03. Scale Testing Scenarios — Real Issues I Faced and How I Solved Them
"Load testing a chatbot is fundamentally different from load testing a REST API. Every user message triggers a 4-model inference chain, 2-3 parallel service calls, a vector search, and a guardrails pipeline. At 50K concurrent sessions, bottlenecks showed up in places I never expected — DynamoDB hot partitions, Redis cache stampedes, and WebSocket connection ceilings. Here are the 7 worst scenarios I hit and how I fixed each one."
Scale Targets
| Metric | Normal | Peak (Prime Day) | What Breaks First |
|---|---|---|---|
| Concurrent sessions | ~50,000 | ~500,000 | WebSocket connections, Bedrock quota |
| Messages per second | ~5,000 | ~50,000 | Intent classifier throughput, DynamoDB writes |
| LLM calls per second | ~3,000 | ~30,000 | Bedrock throttling |
| P99 latency (first token) | < 1.5s | < 3s | Reranker queue depth |
| Availability | 99.9% | 99.9% | Circuit breaker cascades |
How I Ran Scale Tests
- Tool: Artillery.io for WebSocket + REST load generation, custom Python scripts for sustained-load LLM benchmarks
- Environment: Dedicated load-test environment mirroring production (same instance types, same Bedrock model configs, same DynamoDB table config)
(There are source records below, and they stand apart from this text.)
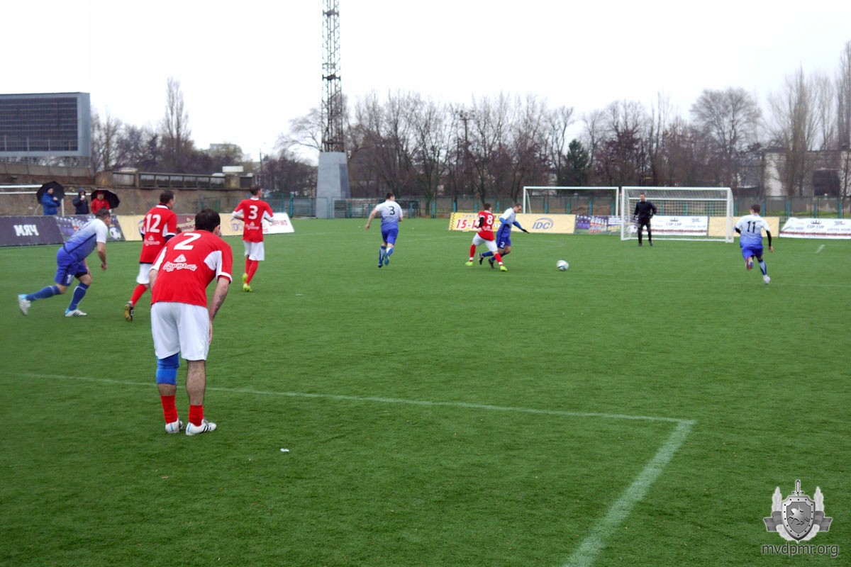 Матч проходил сегодня в Тирасполе под проливным дождём, однако команды показали качественную игру, сообщает пресс-служба Министерства внутренних дел. Поединок был равный. Вратарям обеих команд часто приходилось вступать в игру и спасать свои ворота от гола. Поддержать команду «МВД» прибыл глава ведомства Руслан Мова.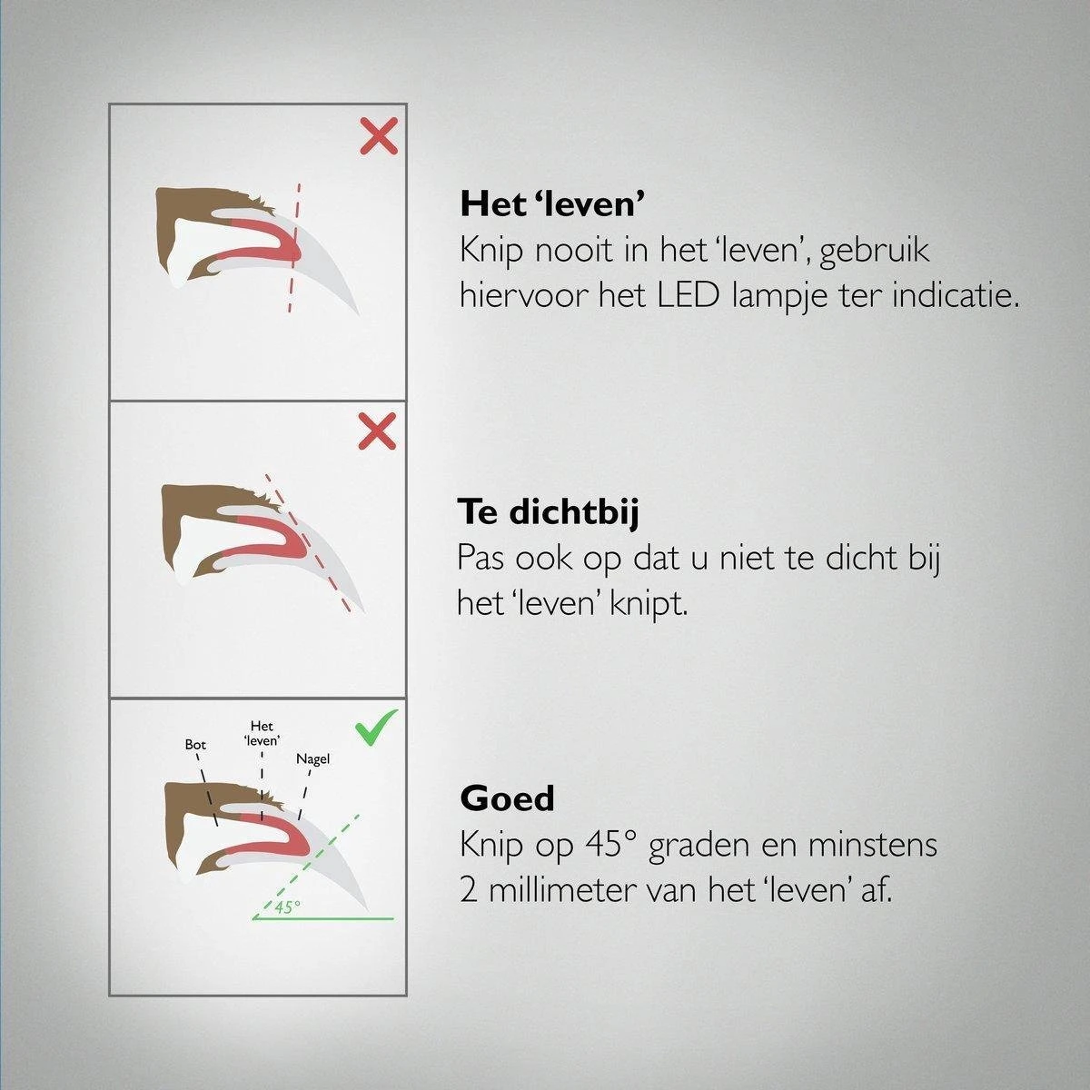 Niemand vindt het prettig om na het knippen van de nagels van uw huisdier de verloren nagels van de grond te moeten opruimen. De LED-nagelknipper heeft daar de ideale oplossing voor. Door middel van het anti-spring ontwerp worden de nagels opgevangen in de nagelknipper. Wanneer u klaar bent met het knippen van de nagels kunt u de nagelknipper gemakkelijk legen.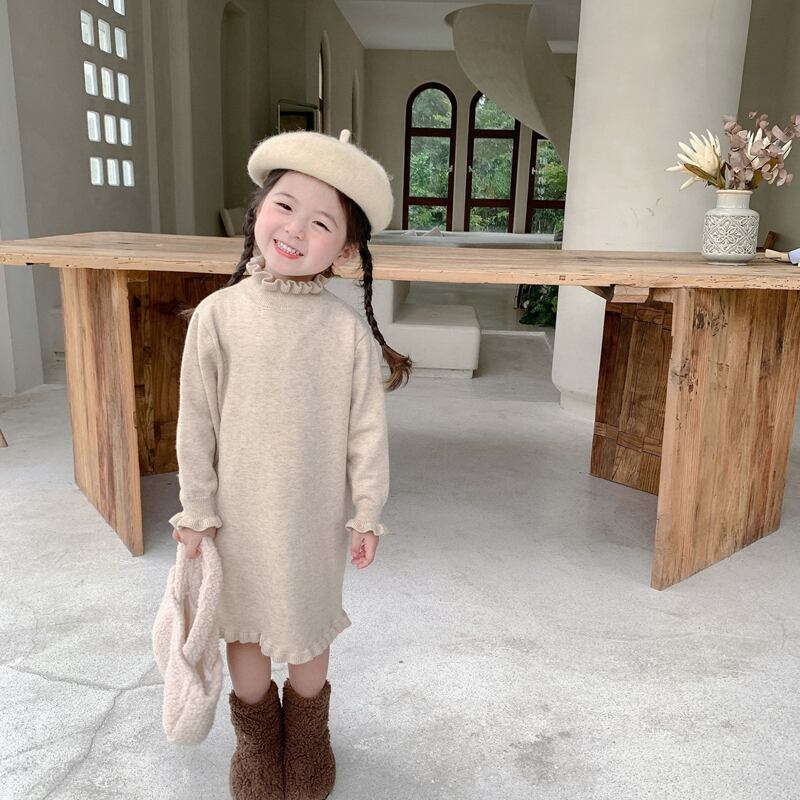 韓国子供服 女の子 ニットワンピース 無地 裾・襟プリーツ ワンピース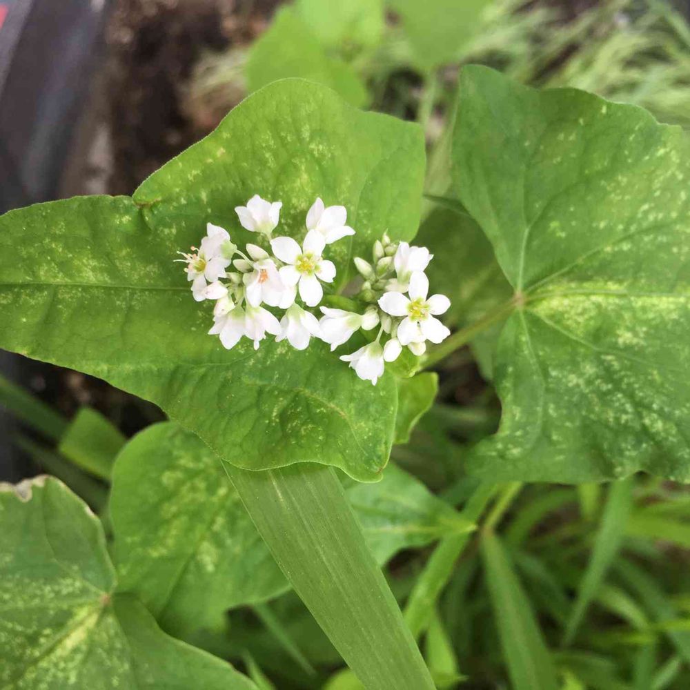 インコ達の残り物を撒いてるプランターから蕎麦の花が咲きました。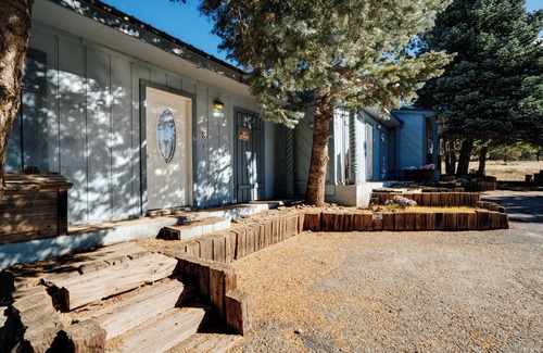 The sunroom has a full-sized futon which sleeps two, as well as additional seating and a hot tub (included with your rental) with a view of Wheeler Peak through the windows. There is also a small deck accessed through the sunroom.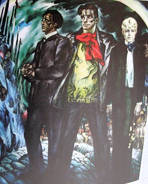 Как обычно, принимали нас в мастерской художника среди картин, некоторые из которых незаконченные, и вот одна из картин – “Поэты”, написанная в 1967 году (фото из альбома), а сама картина в одном из провинциальных музеев. Адольф вспоминал, что в руководстве Союза художников ему сделали замечание о неуместности Блока рядом с Маяковским и Есениным, лучше был бы рядом с ними Багрицкий.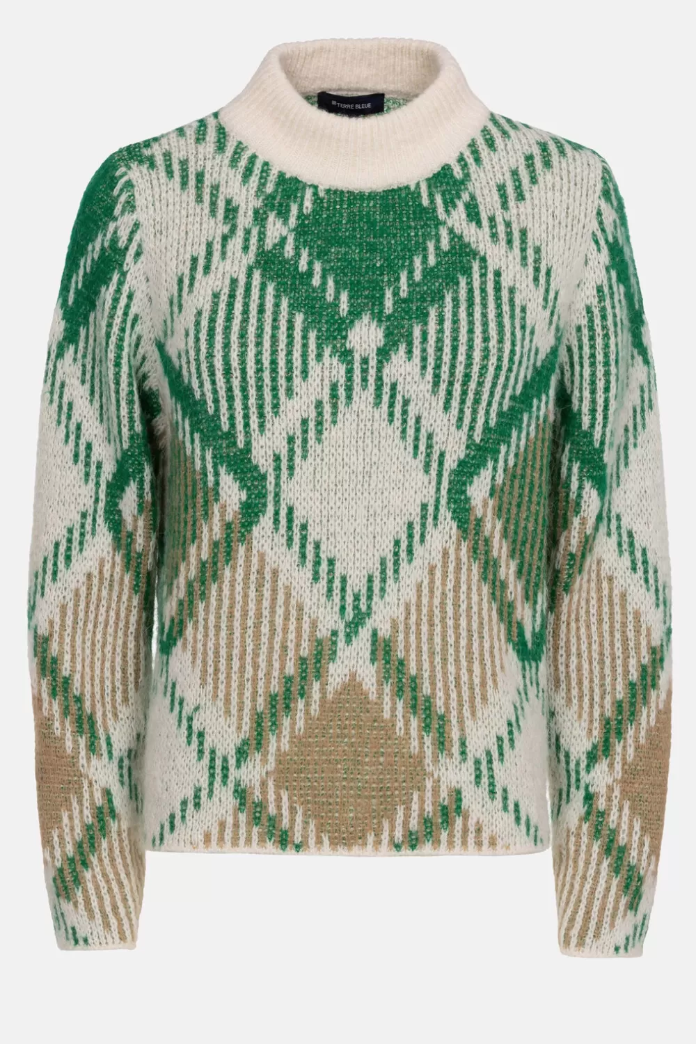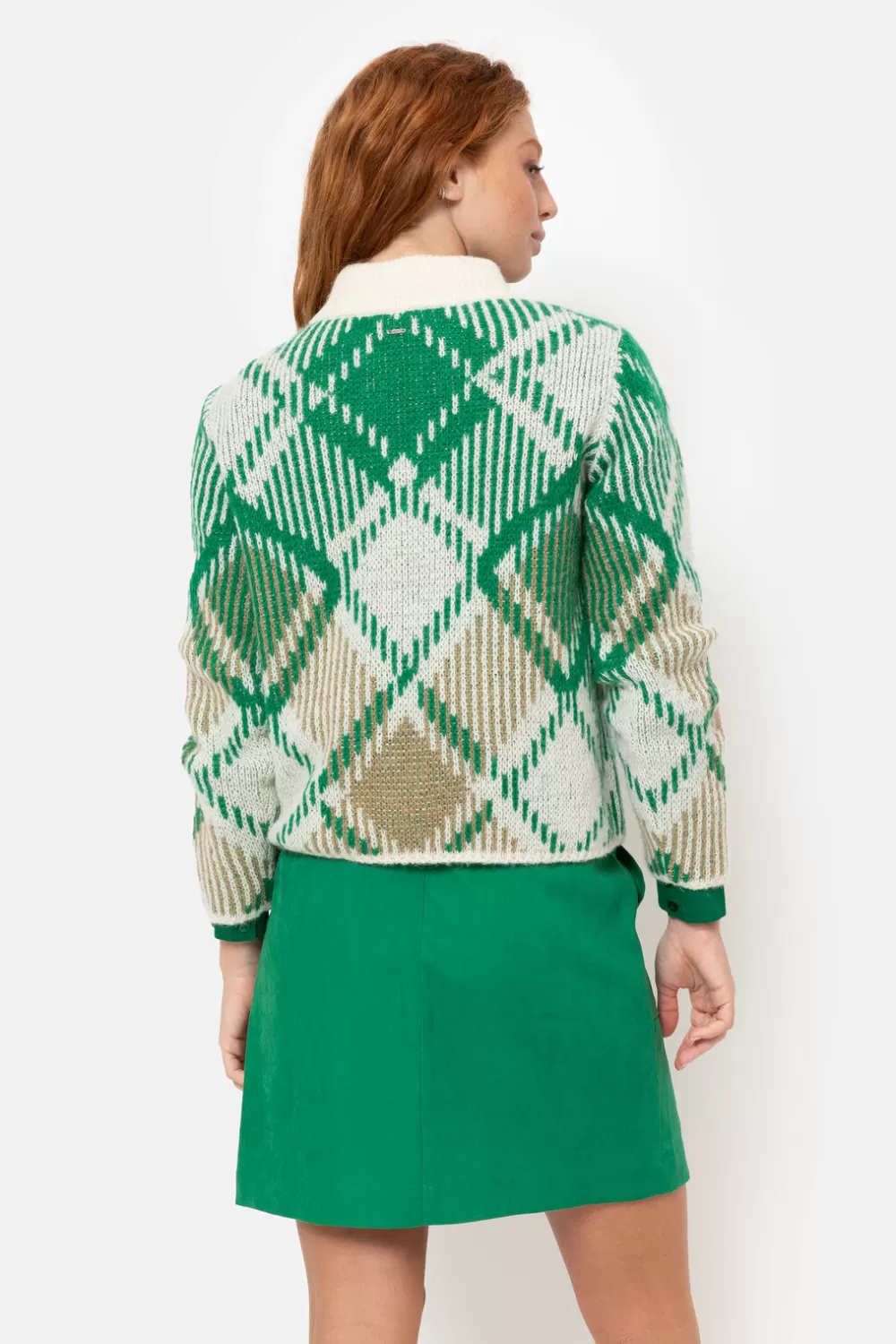 Beige Gebreide Dames Sweater Met Groene Ruiten.Een Elegante Korte Snit Met Een Opstaande Kraag.Match Sportief En Chic Me…

- Approach: Ramp from 0 to 10x normal load over 30 minutes, hold at peak for 60 minutes, then step down
- Monitoring: CloudWatch dashboards, X-Ray traces, custom Grafana panels for per-model latency breakdown
Scenario 1: Prime Day Traffic Spike (10x Load)
The Problem
During the first simulated Prime Day load test, I ramped from 5K to 50K messages/second. At around 20K msg/s, three things broke simultaneously:
- Bedrock returned 429 (ThrottlingException) — we exceeded our on-demand quota for Claude 3.5 Sonnet
- DynamoDB session writes started throttling — popular manga titles (new releases) created hot partition keys
- Lambda cold starts spiked — burst overflow from ECS to Lambda triggered 3-5 second cold starts
How I Solved It
| Problem | Solution | Result |
|---|---|---|
| Bedrock throttling | Purchased Provisioned Throughput for Sonnet (baseline) + kept on-demand for Haiku (overflow) | Zero throttling at 30K LLM calls/sec |
| DynamoDB hot partitions | Added a random suffix to partition keys for high-traffic sessions; enabled DynamoDB Adaptive Capacity | Throttle events dropped to zero |
| Lambda cold starts | Pre-warmed Lambda with scheduled pings every 5 min; set ECS scaling target at 60% CPU (triggers earlier) | Cold start P99 dropped from 5s to 0.8s |
Metrics After Fix
- P99 latency at 50K msg/s: 2.7s (under the 3s target)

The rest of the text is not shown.